$\lim_{r\to0}f(r\cos\theta,r\sin\theta)=0$ does not imply $\lim_{(x,y)\to(0,0)}f(x,y)=0$

Question

I came across this limit today:$$\lim_{(x,y)\to(0,0)}\frac{x^3y}{x^6+y^2}$$Substituting $x=r\cos\theta,y=r\sin\theta$ gave$$\lim_{r\to0}\frac{r^2\cos^3\theta\sin\theta}{r^4\cos^6\theta+\sin^2\theta}$$which is $0$. Yet the limit doesn't exist since along the path $y=x^3$ it is $1/2$. I do realize that taking $x^3=m$ in the original limit will yield$$\lim_{(m,y)\to(0,0)}\frac{my}{m^2+y^2}$$which is easily seen to be path dependent. Why did the polar substitution not work? As I see it, a lot of books make this substitution to prove that a limit exists. Are those proofs wrong? Is this not sufficient to show that a limit exists? In which case, besides the sandwich theorem and $\varepsilon-\delta$ approach, do we have no other tool to establish the existence of a limit?

Answer 1

Since $\theta$ could change as $r\to 0$, you may not conclude that $\frac{r^2\cos^3\theta\sin\theta}{r^4\cos^6\theta+\sin^2\theta}$ goes to zero!
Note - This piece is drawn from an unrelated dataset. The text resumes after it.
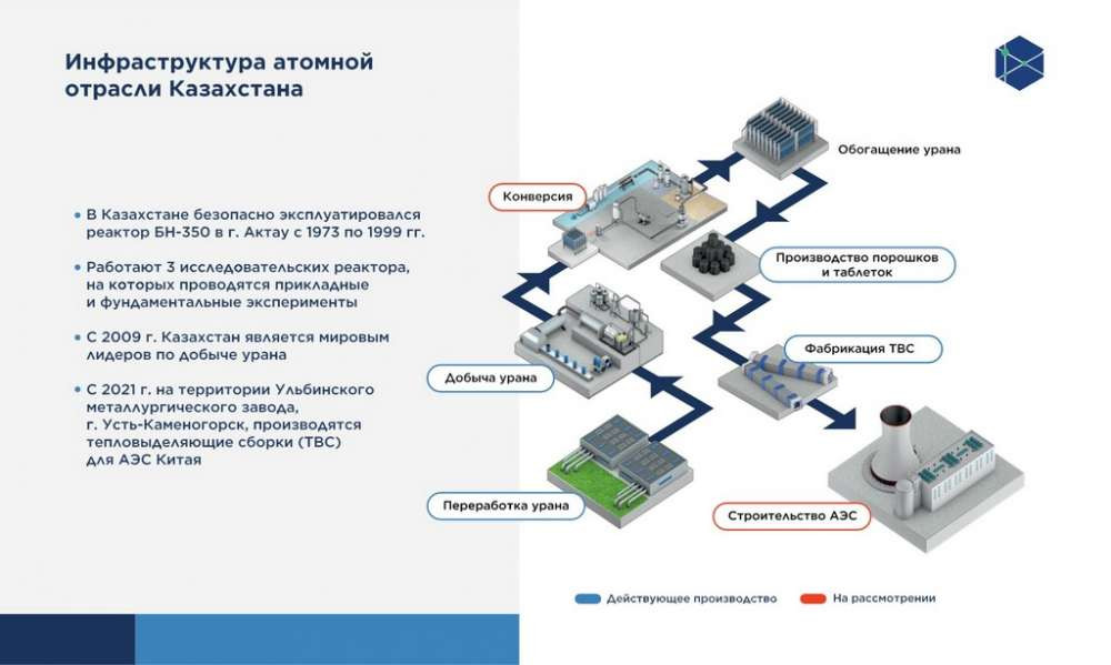 Ранее о развитии энергетики в Казахстане рассказали специалисты и представители профильных министерств, в числе прочего поведав о планах по строительству АЭС. Также своим видением безопасности атомных реакторов поделился генеральный директор "Национального ядерного центра РК" Эрлан Батырбеков. Не так давно, 14 февраля 2022 года, в AUES University были даны ответы на вопросы о том, есть ли в Казахстане под атомную станцию готовые топливные сборки и почему мы должны добиваться полного, как можно большего включения в имеющийся атомный цикл. В свою очередь, вице-министр энергетики Жандос Нурмаганбетов сообщил о том, что вопрос по строительству в Казахстане атомной электростанции решится в 2022 году. А ещё ранее генеральный директор ТОО "Казахстанские атомные электростанции" Тимур Жантикин поделился своим видением развития отечественной атомной энергетики и строительстве АЭС в Казахстане, отметив, что "это не прихоть, а насущная необходимость".

Take $\theta=r^2$, then as $r\to 0^+$ we have $$\frac{r^2\cos^3\theta\sin\theta}{r^4\cos^6\theta+\sin^2\theta}\sim \frac{r^2\cdot r^2}{r^4+r^4}\to \frac{1}{2}.$$ Of course, if $\theta=\theta_0$, a constant angle, then as $r\to 0^+$ $$\frac{r^2\cos^3\theta_0\sin\theta_0}{r^4\cos^6\theta_0+\sin^2\theta_0} \to 0.$$ So we may conclude that, even by using polar coordinates, the given limit does not exist.

Answer 2

In order to prove that some limit does not exist you can find a substitution (like those you mentioned) such that the resulting limit does not exist. Some times polar substitution works some times it doesn't. Every time you choose the appropriate substitution depending on the expresion that you have.

Answer 3

This is more of a comment on the use of polar coordinates in problems like this.
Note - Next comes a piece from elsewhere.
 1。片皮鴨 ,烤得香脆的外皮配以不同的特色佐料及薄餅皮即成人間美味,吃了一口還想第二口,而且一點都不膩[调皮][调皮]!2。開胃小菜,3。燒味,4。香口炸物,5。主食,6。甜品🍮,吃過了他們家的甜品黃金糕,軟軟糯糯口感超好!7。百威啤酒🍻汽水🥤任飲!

If I were to write a proof of a limit of this type using polar coordinates, for example, $$\lim_{(x,y)\to(0,0)}\frac{x^2y}{x^2+y^2}$$ I would write: $$\left|\frac{x^2y}{x^2+y^2}\right|\\ =\left|\frac{r^3\cos^2\theta\sin\theta}{r^2}\right|\\ =r|\cos^2\theta\sin\theta|\leq r$$ The last inequality is crucial for a correct proof. But your example does not allow this.